This isn't an answer to the complexity of the problem, but it at least shows that the complexity has a chance at being nontrivial: it's an example of a cubic graph that cannot be partitioned into paths and claws.

(source: uci.edu)
Within each of its three lobes, any partition into paths and claws can only use six of the seven edges. The remaining six central edges take the form of a claw with each edge subdivided, which cannot be partitioned into paths and claws.

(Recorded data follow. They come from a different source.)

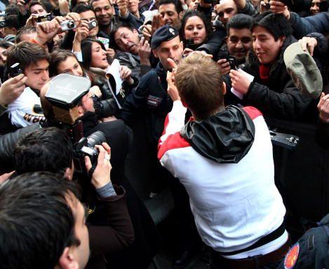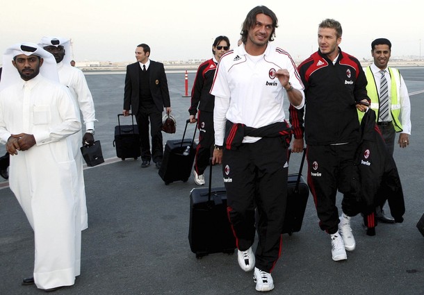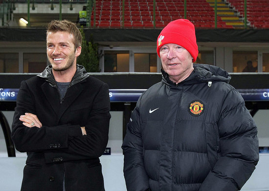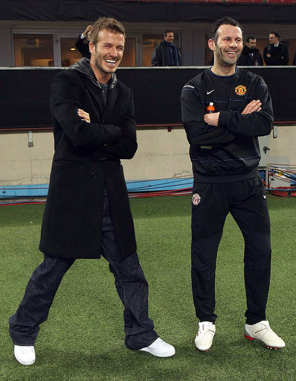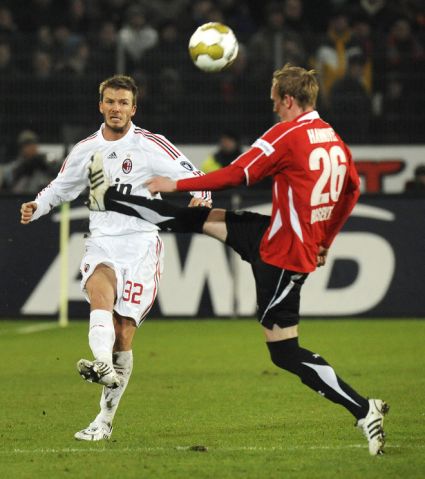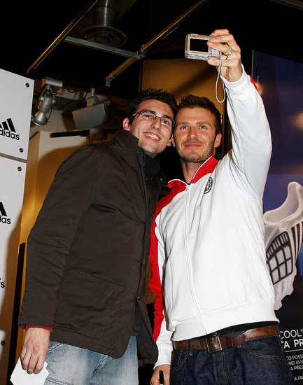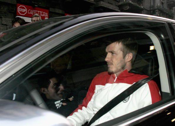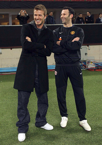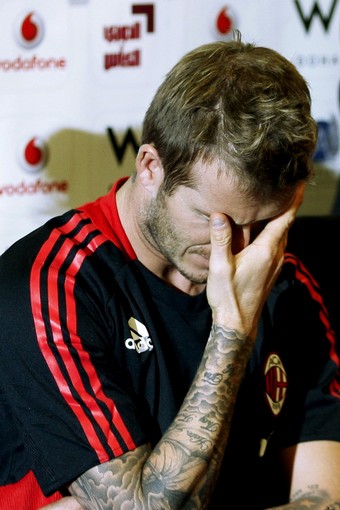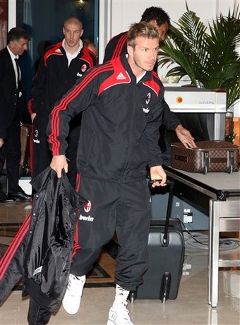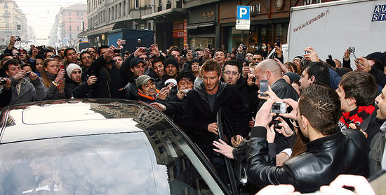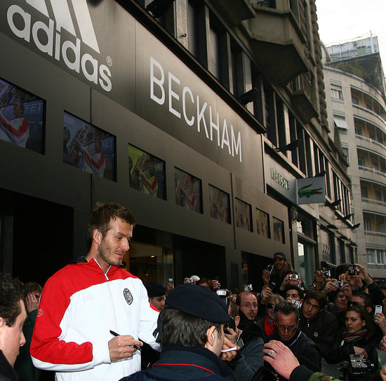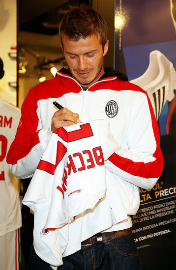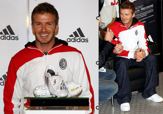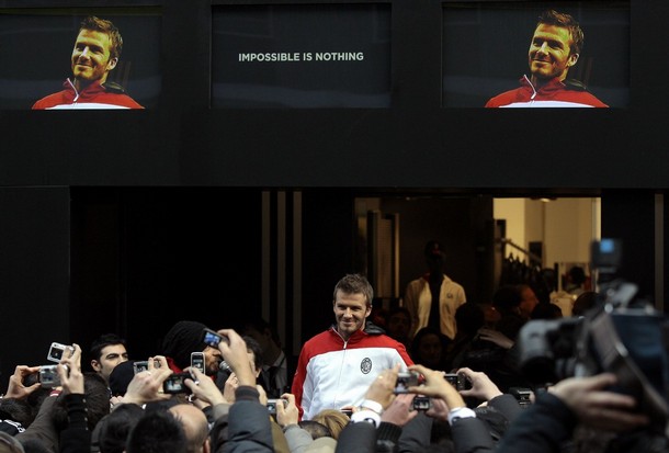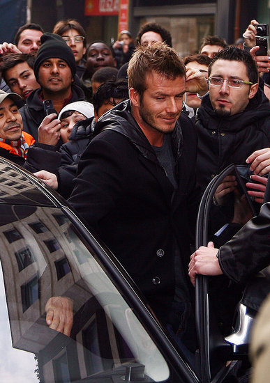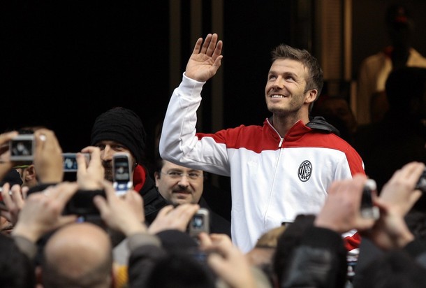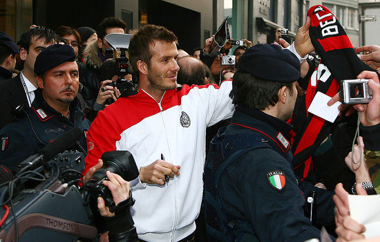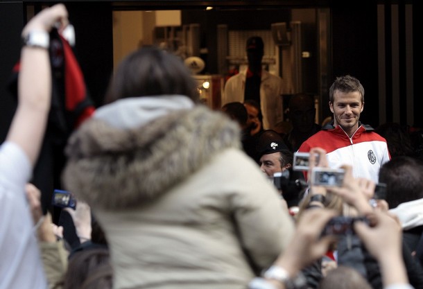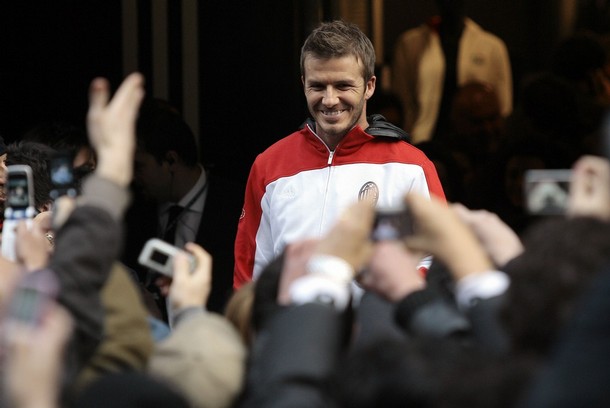 English soccer star David Beckham waves to the fans during a presentation at the Adidas store in downtown Milan February 23, 2009.
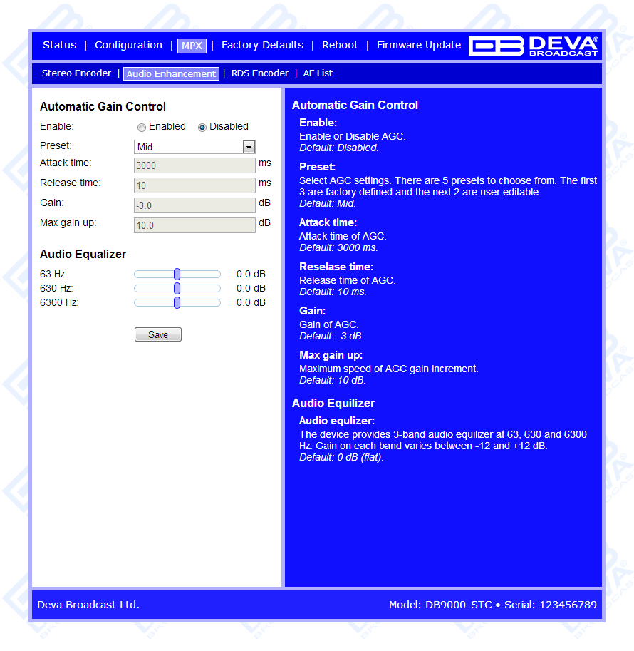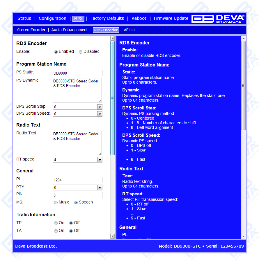 DB9000-STC is controlled trough a build in WEB Server and a standard web browser can be used to monitor its status or to make some adjustments. Once you have accessed the WEB Interface, in order for the needed AF adjustments to be made, go to MPX section, then select AF List subsection and set a number of alternative frequencies. Then, if for example you have specified 3 AFs, the 4th AF should be set as disabled. The disabled AF is considered as the end of the list and AFs after it will not be transmitted. Please note that If AF 1 is "Disabled" the list will NOT be transmitted.
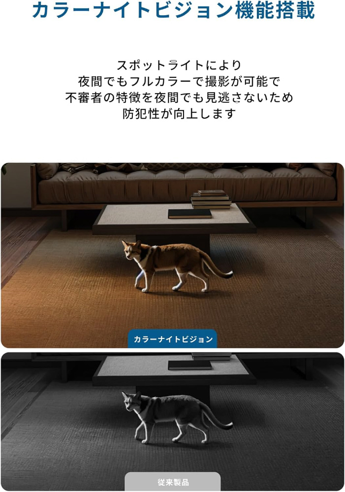 スポットライトにより夜間でもフルカラーで撮影が可能で、不審者の特徴を夜間でも見逃さないため、防犯性が向上します。
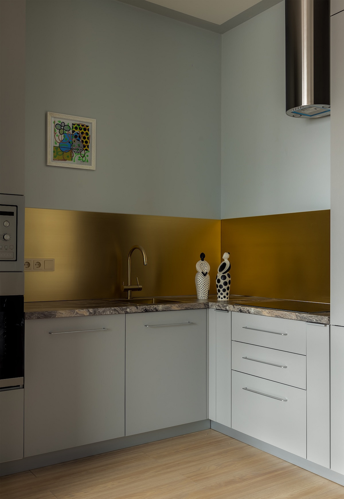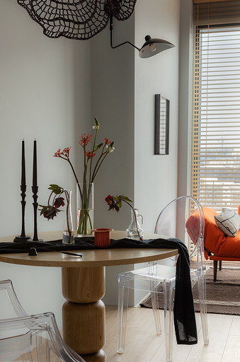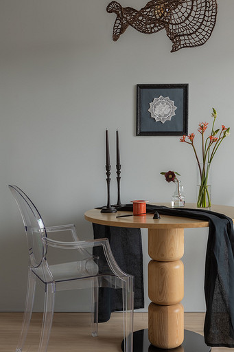 - Мебель: стол Anni Haus, стулья Kartell, диван Innovation Living, металлический стул «Манэр Мэтэр», кухня и шкафы сделаны на заказ, кресло и тумба H&M Home
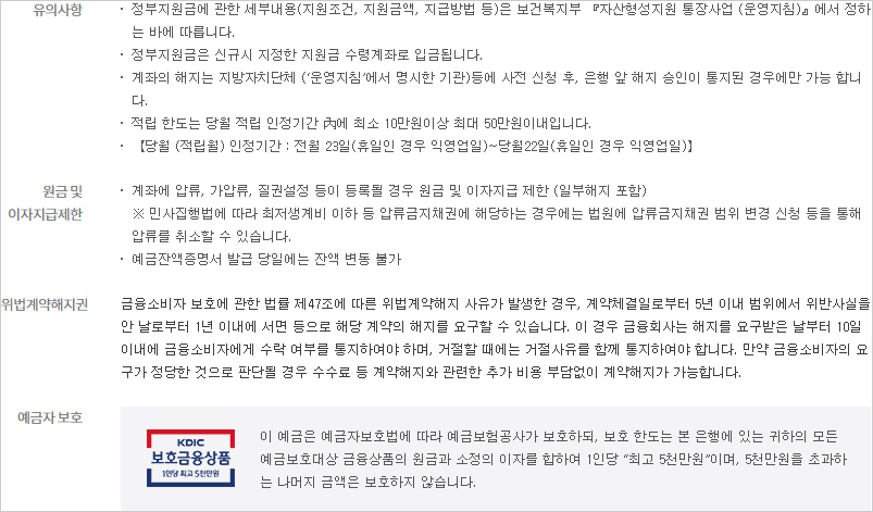 ▶ 이 예금 신규시 지정한 지원금 수령계좌로 입금됩니다.
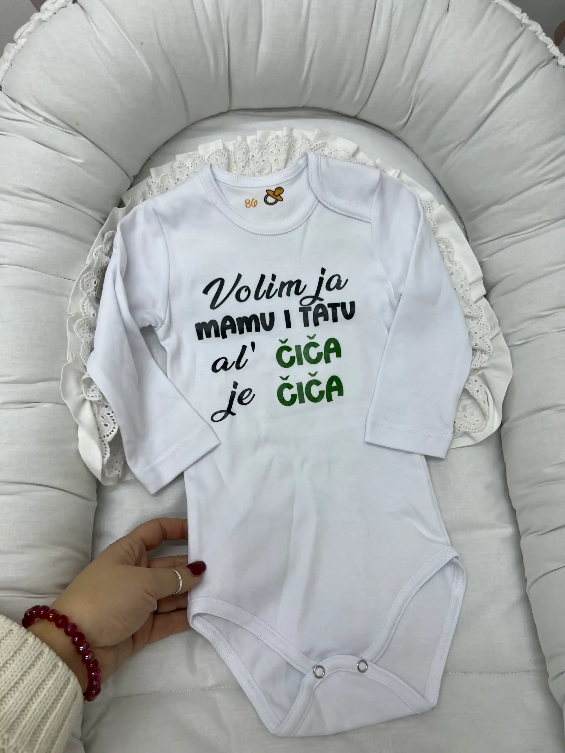 Pamučni bodi sa natpisom izrađen je od kvalitetnog, mekanog pamuka koji je nežan prema bebinoj osetljivoj koži. Praktičan kroj omogućava lako oblačenje i presvlačenje, dok simpatičan natpis daje poseban i razigran izgled. Idealan je za svakodnevne kombinacije i lako se uklapa uz pantalone, helanke i trenerkice. 🧸🌿 Sastav : 100% pamuk Proizvođač: M&A Kvalitet kontrolisao: Vulin DOO, Leskovac Održavanje: u skladu sa deklaracijom koja se nalazi na proizvodu

ETA: The graph shown above is more famous as an example of a cubic graph without a perfect matching. But every cubic graph with a perfect matching has a decomposition into paths (not even using any claws). By König's theorem this includes all cubic bipartite graphs and by Petersen's theorem this includes all bridgeless cubic graphs, answering a question of Joseph Malkevitch in the comments.
The proof is very simple: if M is a perfect matching in a cubic graph, the removal of M leaves a 2-regular graph, that is, a disjoint union of cycles. Orient each cycle arbitrarily, and attach each edge uv of M to the cycle edges that follow u and v in the orientations of their cycles.
In the other direction, if there exists a decomposition into paths, then there exists a perfect matching: the middle edges of each path must be a matching since no two middle edges can share a degree-three vertex.
(Disclaimer: this idea may have already been present in Carsten Thomassen's invited talk at GD 2010, which was about this sort of graph decomposition problem.)
(addition to disclaimer (by Anthony Labarre): the "orientation idea" for going from a perfect matching to a partition into paths appears in this paper by Jünger, Reinelt and Pulleyblank, who attribute it to W. H. Cunningham.)